** Exercise brief **
All lines from the one containing "השרשרת עשויה שלוש" to the end of the listing below should be output exactly; omit the pictures.

** Information shown **

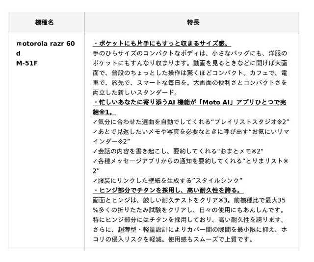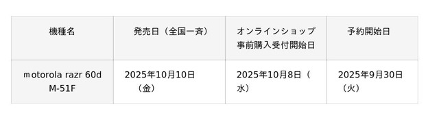 なお、「motorola razr 60d M-51F」の発売に併せたキャンペーンを2025年10月10日(金曜)から2025年11月30日(日曜)までの期間で開催いたします。キャンペーンの詳細は別紙をご確認ください。
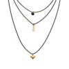 השרשרת עשויה שלוש שרשראות עדינות בציפוי שחור בשלושה אורכים שונים ליצירת מראה שכבות, בכל שכבה תלוי אלמנט: אבן סברובסקי שחורה, תליון מלבן מתכת משובץ אבני קריסטל ותליון לב. השרשרת בציפוי זהב 24 קראט או בציפוי כסוף.
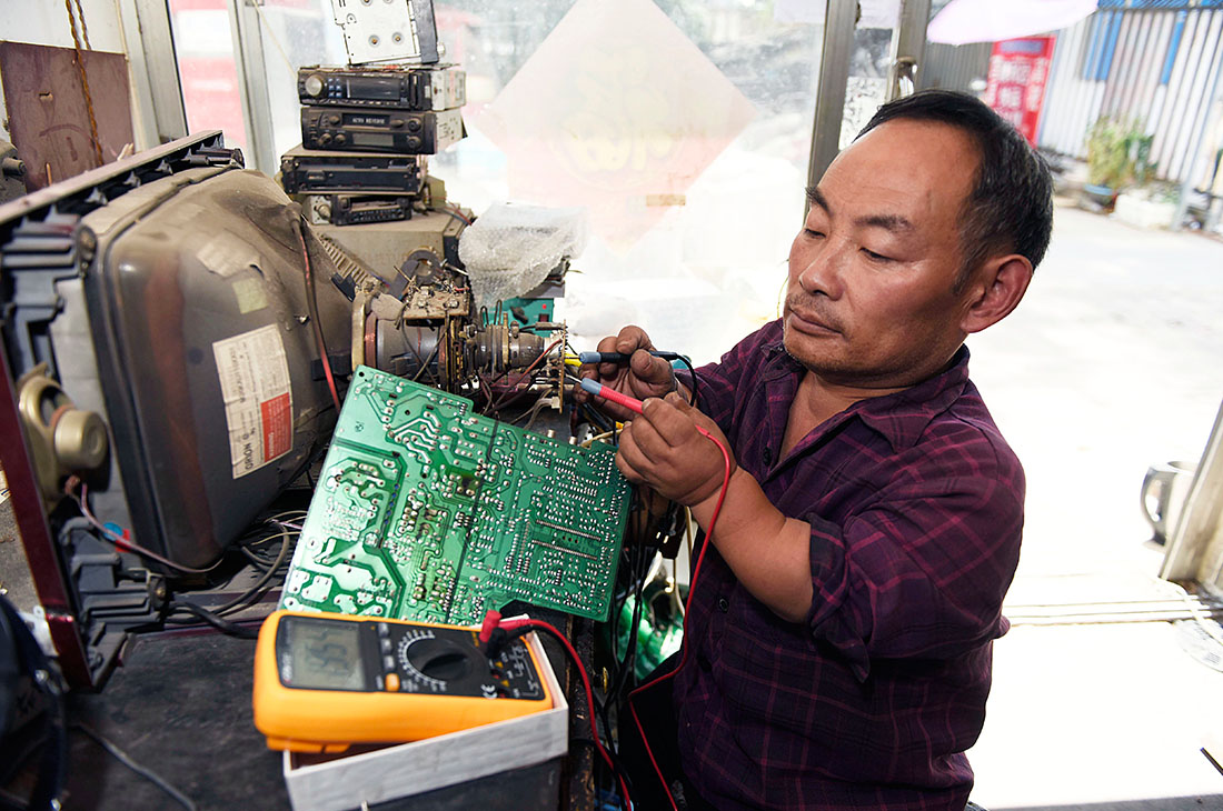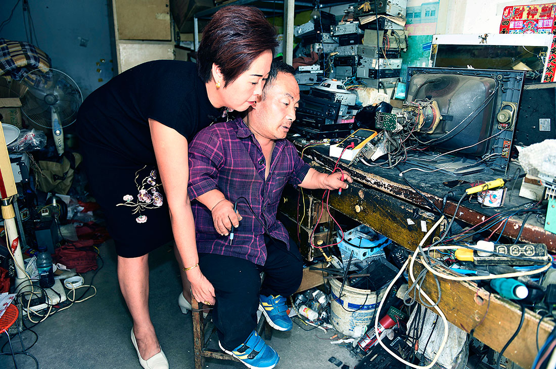 Lin repairs an electrical appliance. Though Lin was born with his condition, he has never let his disability get in the way of his success. After years of hard work, today he owns and runs an electrical appliance repair shop. figcaption >
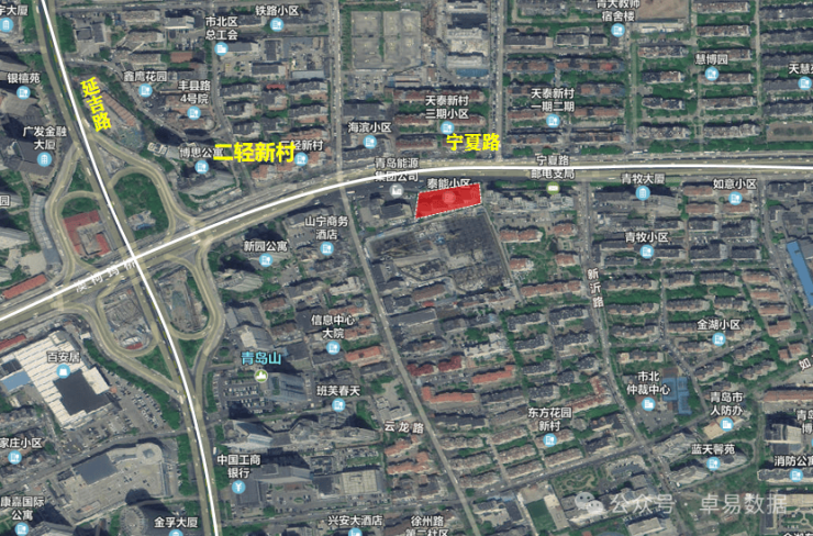 位于市南区宁夏路125号,规模小高容积,占地面积2135㎡,容积率7.3,建筑面积约15585.5㎡(安置建面>9040㎡),楼面起始价14300元/㎡,楼面起始价2.23亿,保证金4457万。

** Solution to this task **
 השרשרת עשויה שלוש שרשראות עדינות בציפוי שחור בשלושה אורכים שונים ליצירת מראה שכבות, בכל שכבה תלוי אלמנט: אבן סברובסקי שחורה, תליון מלבן מתכת משובץ אבני קריסטל ותליון לב. השרשרת בציפוי זהב 24 קראט או בציפוי כסוף.
 Lin repairs an electrical appliance. Though Lin was born with his condition, he has never let his disability get in the way of his success. After years of hard work, today he owns and runs an electrical appliance repair shop. figcaption >
 位于市南区宁夏路125号,规模小高容积,占地面积2135㎡,容积率7.3,建筑面积约15585.5㎡(安置建面>9040㎡),楼面起始价14300元/㎡,楼面起始价2.23亿,保证金4457万。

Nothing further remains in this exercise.